Solve. Check for extraneous solution.
6x= √20+6x
Are you kidding?
6 x = sqrt ( 20 ) + 6 x
6 x - 6 x = sqrt ( 20 )
0 = sqrt ( 20 ) ???????????
the way you typed it ....
0 = √20
---> silly statement, thus no solution
if you meant:
6x = √(20+6x)
then square each side
36x^2 = 20+6x
36x^2 - 6x - 20 = 0
(6x - 5)(6x + 4) = 0
x = 5/6 or x = -2/3
since we squared, all answers must be verified
if x = 5/6
LS = 6(5/6) = 5
RS = √(20 + 5) = √25 = 5 , good
if x = - 2/3
LS = 6(-2/3) = -4
Since the √(anything) by definition is positive, this is not valid
so x = 5/6
To solve the equation 6x = √20 + 6x and check for extraneous solutions, we can follow these steps:
Step 1: Move all terms involving x to one side of the equation.
Subtract 6x from both sides:
6x - 6x = √20 + 6x - 6x
This simplifies to:
0 = √20
Which means the equation becomes:
0 = √20
Step 2: Solve for √20:
√20 is the square root of 20, so we need to find the value of √20.

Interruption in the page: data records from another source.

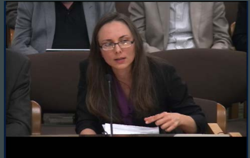
House Committee On Rural Communities, Land Use, ...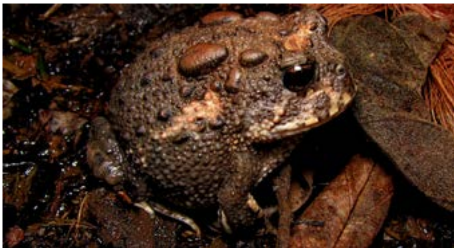
Figure 1. Odontophrynus cultripes. Adult male in life from Parque Estadual da Serra do Brigadeiro, municipality of Araponga, state of Minas Gerais, Brazil (unvouchered species).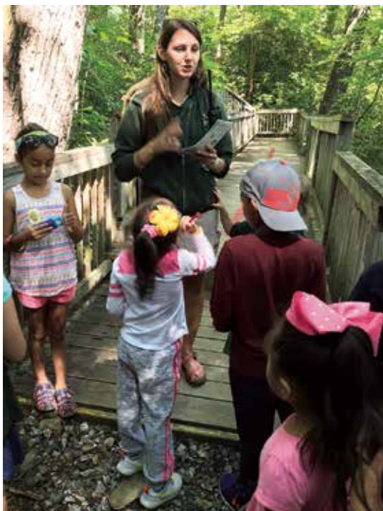
Children embark on a guided TRACK Trail hike at Chimney Rock State Park.

This year, KIP added more TRACK Trails in National Parks and expanded along the Parkway corridor. It was a record-breaking year for hike registrations with more than 4,000 TRACK Trail sign-ups. Those registrations equate to more than 130,000 children who have trekked TRACK Trails, including 10,000 who visited Parkway locations. Because of these sustained results,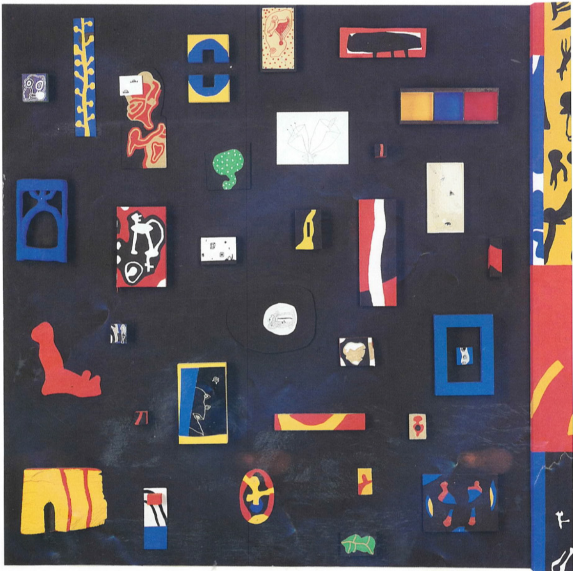
"Finites en negro", 1995. Mixed media on wood, 160 x 180 cm.

Of Spanish origin, F.M.G. is perhaps a less accessible artist, the inhabitant and portrayer of an imaginary world whose apparently non-existent structure provides a space in which he creates his own enigmatic reference points. His paintings often seem to be works in motion, which begin and end somewhere outside the canvas. They are glimpses of something difficult to discern, visual perceptions that may or may not be significant or symbolic, may or may not inter-relate. Intellectually and aesthetically, their attraction is quite magnetic, leaving a familiar impression of the fleeting nature of the universe and our own place within it.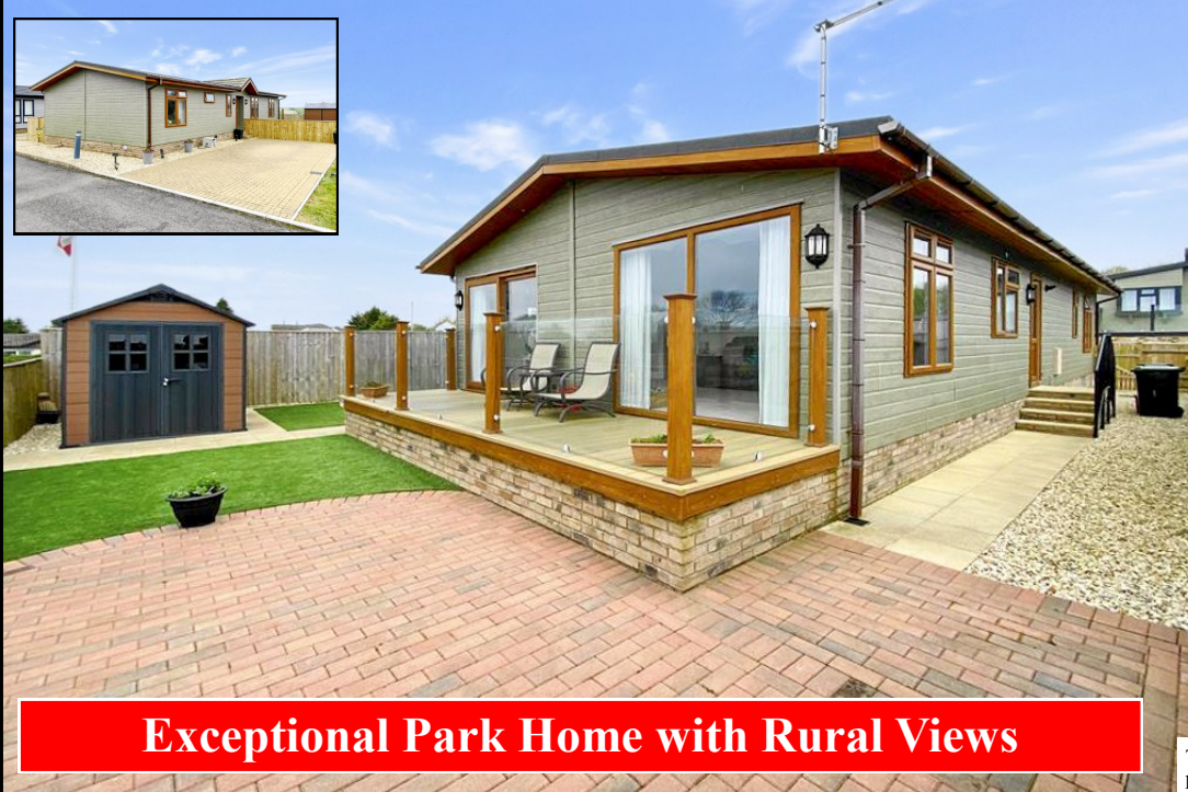
Exceptional Park Home with Rural Views

78 Hardy Country Park, Bridport Road Dorchester. DT2 9DS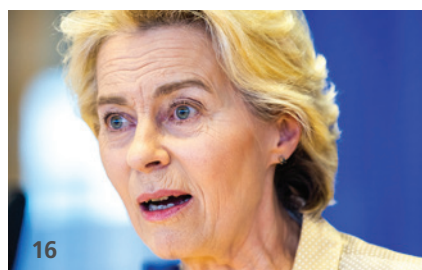
16 Ursula von der Leyen reelected President of the European Commission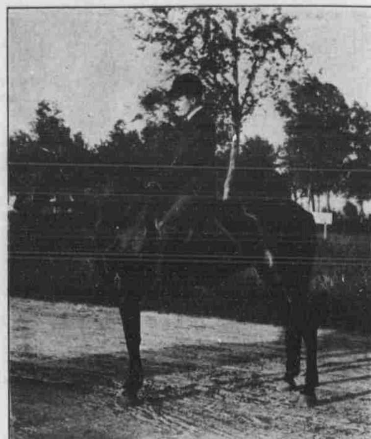
L. H. TATE—CORRECT RIDING POSITION.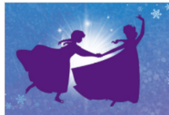
Disney's FROZEN Kids - Presented by Masquerade You... Friday 30 June, 11:00am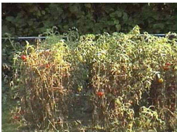
Leaf spot diseases out of control.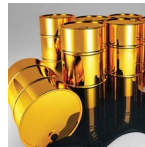
Crude oil prices soared over 30 per cent on Thursday after US President Donald Trump tweeted saying he had spoken to Saudi Arabia and expected Saudi and Russia to cut their supplies by 10 million barrels per day.

However, later Russian news agency Sputnik reported that Kremlin spokesman Dmitry Peskov had refuted Trump's claim about a phone conversation between Putin and the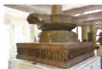
Tra Kieu Altar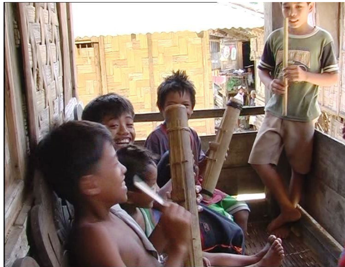
Figure 25: Children of Sukiap on Bagtang's veranda (Photo by author, June 2007)

Together, as an ad-hoc musical group of a mixture of solo and ensemble bamboo instruments, they continue to play the pulsating rhythm, shaping the intensity of music through metre and dynamics. The children also hint at the dance as they play, rocking gently and lifting their feet in time to the music as the dancers would do. After playing for a while, a friendly bustle breaks out leading to an exchange of instruments. Eventually the ensemble is reorganized with different players and the music starts up. (Sukiap, 17 June, 2007)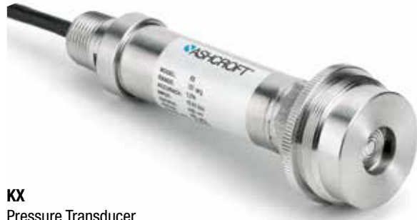
KX Pressure Transducer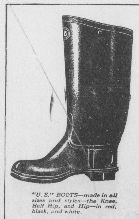
"U. S." BOOTEES—made in all sizes and styles—the Knee, Half Hip, and Hip—in red, black, and white.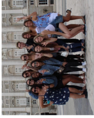
Top 10 in the nation for students studying abroad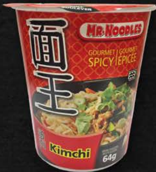
MR NOODLE IN A CUP KIMCHI 12X64 GR 17MN100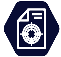
Correspondence & Unique Document Solutions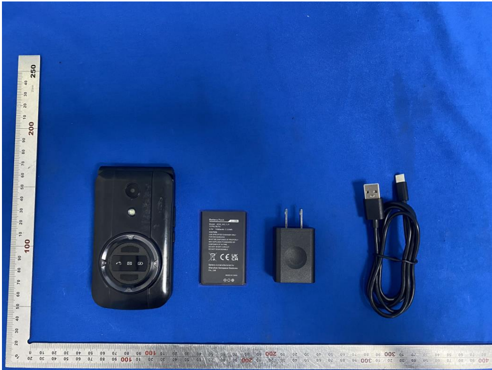
TOP VIEW OF EUT

√20 is approximately 4.47 (rounded to two decimal places).
Step 3: Check for extraneous solutions:
Now, we substitute the value of √20 back into the original equation and see if it holds true:
6x = √20 + 6x
6x = 4.47 + 6x
Subtract 6x from both sides:
6x - 6x = 4.47 + 6x - 6x
0 = 4.47
Since 0 is not equal to 4.47, this means that there are no solutions that satisfy the original equation.
There is no extraneous solution to check in this case because the equation itself does not have a valid solution.